彼女はあれから20分近く待つことになる。

手にしていた地図に載っていない道に見当をつけて、まず踏切を渡り坂を駆け上がる。

空がきれいで、こんな時間にこんな縁のない場所を走っているオレがおかしくて笑った。
滑稽で。
だけど楽しくて。
「坂の上の雲」という小説のタイトルが思い浮かぶ。

坂を下りてヨークベニマルを過ぎれば塩釜駅。

西塩釜から三角に歩いた朝だった。

塩釜というと、大きな結婚式場をイメージする。
いつ刷り込まれたのだろう。

いずれにしろ宝船みたいな目出度い街という印象を持ったまま、ここを離れる。

7:05 岩切(いわきり)駅(東北本線/利府支線 宮城県)
東北人はすでにコートを脱いでいた。

ここから仙台までは2駅。
人々がひっきりなしにやってきて改札口を抜けていく。

繁華な物はすべて仙台に託したかのような駅前はすっきりとして見所はない。

仙山国境線に雪を被った山並みが見えて、駅のホームでケータイを向けた。

7:20 利府(りふ)駅(利府支線 宮城県)
利府線に乗る計画は随分前から上がっていて、ようやく日の目を見た。

何もない田園地帯に岩切から支線がまっすぐに延びている。

万葉の歌枕に歌われた十符の里とのことだが、なぜこの地まで鉄路が枝分かれして、この地が終着駅になったのかは不明のままだ。
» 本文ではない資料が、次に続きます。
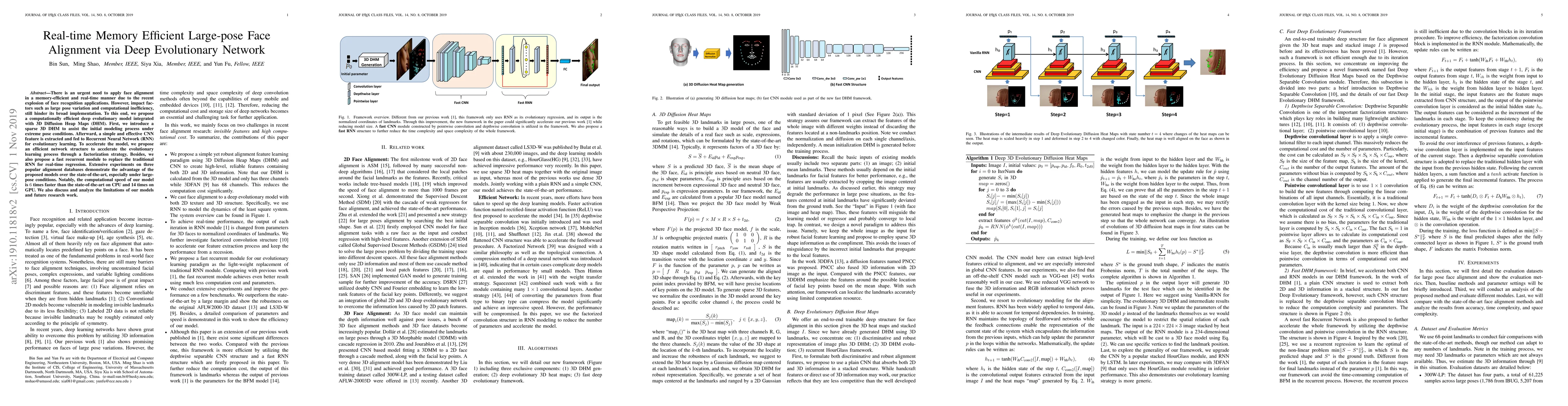 There is an urgent need to apply face alignment in a memory-efficient and real-time manner due to the recent explosion of face recognition applications. However, impact factors such as large pose variation and computational inefficiency, still hinder its broad implementation. To this end, we propose a computationally efficient deep evolutionary model integrated with 3D Diffusion Heap Maps (DHM). First, we introduce a sparse 3D DHM to assist the initial modeling process under extreme pose conditions. Afterward, a simple and effective CNN feature is extracted and fed to Recurrent Neural Network (RNN) for evolutionary learning. To accelerate the model, we propose an efficient network structure to accelerate the evolutionary learning process through a factorization strategy. Extensive experiments on three popular alignment databases demonstrate the advantage of the proposed models over the state-of-the-art, especially under large-pose conditions. Notably, the computational speed of our model is 6 times faster than the state-of-the-art on CPU and 14 times on GPU. We also discuss and analyze the limitations of our models and future research work.

利府高校は天下の強豪仙台育英、東北高校を時に凌ぎ、甲子園に現れたことがある。

朝の利府駅には活気があったが、各車両とも疎らな人数を乗せて仙台方面に向けて走りだしている。

駅横には昨日の矢幅駅よりも大きな横丁ができていた。

9:06 伊達(だて)駅(東北本線 福島県)
伊達駅は「東北の駅100選」に選ばれている。

新幹線高架の先に火の見櫓がある。

駅前で目につくのはそれのみで、商店の類の進出は見られない。

日が差してきたが空気は冷たく、白く染まった奥羽山脈がきれいに見えている。

県内無敵を誇る聖光学院の豪華な野球グランドがある沿線風景は、オレにとってはもはや馴染みだ。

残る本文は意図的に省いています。